South Carolina’s Republican Gov. Nikki Haley, with support from most of her state’s legislature, ordered the flag removed soon after the incident.

“That flag needed to come down,” she told the Associated Press after visiting the Emanuel African Methodist Episcopal Church. “I could not look my kids in the face and justify that flag anymore.

“These people are forever ingrained in my soul - what they went through. It will forever change the way I live my life. … Every parent needs to understand we have a responsibility to show our children, because hate is not born. Hate is taught.”

The Associated Press reports Mississippi’s three historically black universities - Alcorn State, Jackson State and Mississippi Valley State - had previously stopped flying the state flag. The University of Mississippi Medical Center in Jackson recently took down the flag with no fanfare.

Several cities and counties - including Hattiesburg - have furled the state flag since the attack in Charleston.

“We have removed the state flags to honor the lives of the nine individuals slain in the church shooting in Charleston, South Carolina, their families and community as they mourn,” Hattiesburg Mayor Johnny DuPree said in a short statement released when the city made its decision.

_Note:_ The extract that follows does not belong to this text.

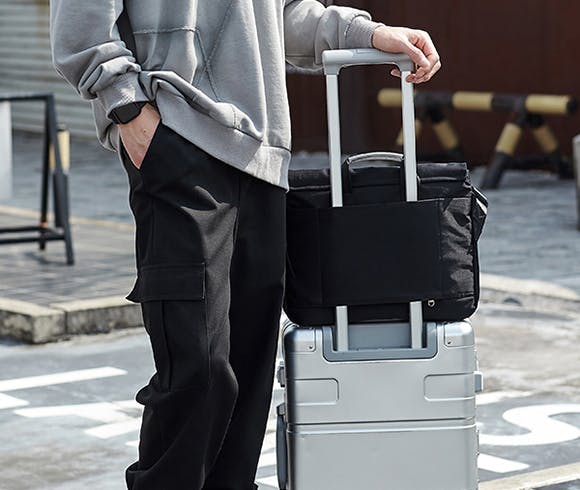 背面隠しポケットのジッパーを開ければスーツケースのハンドルに取り付けることもできますので、旅行や出張などの場合に活用できます。

Republican Gov. Phil Bryant, a USM alumnus, has said he thinks universities should fly the flag. State law, however, does not require them to do so.

“I think that if you’ve got a publicly funded institution like that, they should be respectful of the people of the state,” Bryant told the Associated Press on Oct. 27 in response to questions about the flag being removed at Ole Miss.

The flag’s removal at state and municipal agencies is a prime example of leadership from the bottom up.

Perhaps it’s time the governor and legislators listen to these rumblings and do the right thing: Order the removal of the state flag from all public buildings until a new flag can be designed that will embrace all of Mississippi’s citizens.